I realized when I am looking at some files through GDB, very frequently, there are these three lines of codes at the starting of the function
0x08048548 <+0>: lea ecx,[esp+0x4]
0x0804854c <+4>: and esp,0xfffffff0
0x0804854f <+7>: push DWORD PTR [ecx-0x4]
I usually ignored them because right after those three lines stack frame gets created which is how functions usually start.
Thank you.
This is aligning the stack pointer to a 16-byte boundary, because sometimes (for SSE) the CPU needs 16 byte alignment of data.

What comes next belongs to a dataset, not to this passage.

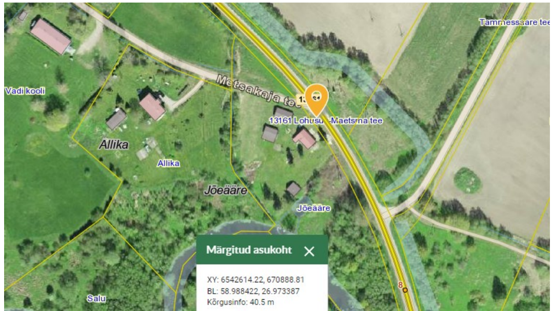
Joonis 1. Bussipeatuse orienteeruv asukoht tähistatud oranži tingmärgiga.

A good compiler will examine the call graph (figure out what calls what), and will decide that:
the function doesn't need stack alignment itself and doesn't call other functions that need stack alignment; and therefore no stack alignment is needed
all of the function's callers used an aligned stack, and therefore either:
sub esp, 8
(which could be merged with any code that reserves stack space for local variables)none of the above can be proven to be true, so the function has to assume "worst case" and enforce alignment itself (e.g. the instructions you've seen at the start of the function)

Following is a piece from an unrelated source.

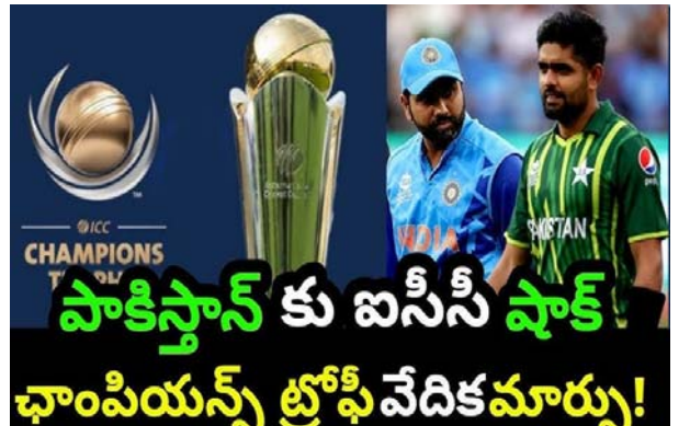
ఇంకా విడుదల కాలేదు. పాకిస్తాన్లోని లాహోర్, కరాచీ, రావల్పిండి వేదికగా మోగ టోర్నీ నిర్వహణకు ఓ వైపు పాకిస్తాన్ క్రికెట్ బోర్డు ఏర్పాట్లు చేస్తోంది. ట్రోఫీ టూర్ సైతం ఇప్పటికే మొదలైంది. అయినా, వేదికపై సభ్యుల దేశాలకు ఎటువంటి స్పష్టత లేదు. పాక్లో రాజకీయ అనిశ్చితి! పాకిస్తాన్ క్రికెట్ బోర్డు (పిసీబి) చైర్మన్ మోషిన్ నక్వీ అక్కడి ప్రభుత్వంలోనూ కీలక సభ్యుడు. కేబినెట్లో ఇంటియర్ మంత్రిగా బాధ్యతలు నిర్వహిస్తున్నారు. పాకిస్తాన్ మాజీ ప్రధానమంత్రి, క్రికెట్ జట్టు మాజీ కెప్టెన్ ఇమ్రాన్ ఖాన్ సారథ్యంలోని పీటీఐ పార్టీ ఇస్లామాబాద్లో భారీ ఎత్తున రాజకీయ నిరసన ప్రదర్శనలు చేపడుతోంది. దీంతో మోషిన్ నక్వీ పరిస్థితులు చక్కదిద్దేందుకు గత రెండు రోజులుగా ఇస్లామాబాద్లోనే ఉంటున్నారు. పాక్లో ఆడేందుకు భారత్ కు ఉన్న అభ్యంతరాలు లిఖితపూర్వకంగా అడిగిన పిసీబి. బిసీబినితో మాట్లాడేందుకు ఆసక్తి చూపించింది. కానీ భారత్ ప్రభుత్వం రోహిత్ శిఖన్ పాక్లో అడుగుపెట్టేందుకు అనుమతి ఇవ్వలేదు. ఇదే విషయాన్ని ఐసీసీకి బిసీబి తెలియజేసింది. వేదిక అంశంపై ఓటింగ్ నిర్వహిస్తే.. ఇతర సభ్యుల దేశాల భారత్ కు అనుకూలంగా వ్యవహరించేందుకు బిసీబిని పాపులు కదుపనుంది. జై పా తదుపరి చైర్మన్ కావడంతో సహజంగానే ఇతర దేశాల మద్దతు ఉండనుంది.

దుబాయి: ఐసీసీ 2025 ఛాంపియన్స్ ట్రోఫీ వేదికపై ఉత్పలం కొనసాగుతుంది. ఎట్టి పరిస్థితుల్లోనూ పాకిస్తాన్లో ఆడబోమని భారత క్రికెట్ నియంత్రణ మండలి (బిసీబి) తేల్చి చెప్పింది. హైబ్రిడ్ మోడల్లో టోర్నీ నిర్వహణకు పాకిస్తాన్ క్రికెట్ బోర్డు (పిసీబి) ఎంతమాత్రం సుముఖంగా లేదు. దీంతో ప్రతిష్టాత్మక ఈవెంట్ నిర్వహణ పట్టాల్సిందిగా అంతర్జాతీయ క్రికెట్ కౌన్సిల్ (ఐసీసీ) సరికొత్త ఆలోచన చేసింది. ఈ నెల 29న ఐసీసీ బోర్డు సమావేశం జరుగుతుంది. వర్చువల్ గా జరుగుతున్న ఈ సమావేశంలో ఛాంపియన్స్ ట్రోఫీ వేదికపై ఓ నిర్ణయం తీసుకోనున్నారు. ఓటింగ్ కు అవకాశం? ఐసీసీ బోర్డులో 12 మంది శాశ్వత సభ్యుల దేశాలు, అసోసియేట్ సభ్యుల దేశాల ప్రతినిధులు ముగ్గురు, స్వతంత్ర డైరెక్టర్, ఐసీసీ చైర్మన్ సహా సీఈవో ఉంటారు. ఐసీసీ చైర్మన్ హెనరీ గ్రెగ్ బార్డే అధ్యక్షత వహించనున్న చివరి సమావేశం ఇదే కానుంది. డిసెంబర్ 1న బిసీబిని కార్యదర్శి జై పా ఐసీసీ సూతన చైర్మన్ గా బాధ్యతలు స్వీకరించనున్నారు. ఛాంపియన్స్ ట్రోఫీ విషయంలో బిసీబిని హైబ్రిడ్ మోడల్ కోరుతుంది. భారత మ్యాచులను తప్ప వేదికపై నిర్వహించాలని కోరుతోంది. అందుకు పాకిస్తాన్ ససీమిరా అంటోంది. భారత్ కూడా పాక్లోనే ఆడాలని పట్టుబడుతోంది. ఛాంపియన్స్ ట్రోఫీ వూర్తిగా పాక్లో జరగాలా? హైబ్రిడ్ మోడల్లో జరగాలా? అనే అంశంపై ఐసీసీ సభ్యుల దేశాలను ఓటింగ్ కు ఆడిగి అవకాశం ఉంది. ఓటింగ్లో మెజార్టీ ఆధారంగా ఛాంపియన్స్ ట్రోఫీ వేదిక మార్పుపై నిర్ణయం తీసుకోనుంది. షెడ్యూల్ అలస్యం ఛాంపియన్స్ ట్రోఫీలో ఎనిమిది జట్లు పోటీపడుతున్నాయి. 2025 ఫిబ్రవరి 19 నుంచి మార్చి వరకు ఈ టోర్నీ జరుగుతుంది. కనీసం 100 రోజుల ముంగిట గ్లోబల్ టోర్నీ షెడ్యూల్ విడుదల చేయటం ఐసీసీకి సంప్రదాయంగా వస్తోంది. 2025 ఛాంపియన్స్ ట్రోఫీ షెడ్యూల్

Of course for a good compiler, the last case (where the code you've shown is needed) is extremely rare.
However; most compilers can't be good because they're not able to see the whole program (if the program is split into multiple object files that are compiled separately, then the compiler can only see a fraction of the program at a time). They can't figure out much/any of the call graph, so the last case (where the code you've shown is needed) becomes very common. To solve this you need "link time code generation", but often people don't bother.
Note: For AVX2 you want 32 byte alignment, for AVX512 you want 64 byte alignment, and for some things (to avoid false sharing in heavily threaded code) you might want "cache line size alignment" (typically also 64 byte alignment). This makes the "examine call graph to determine what alignment is actually needed" algorithm a little more complicated than what I described.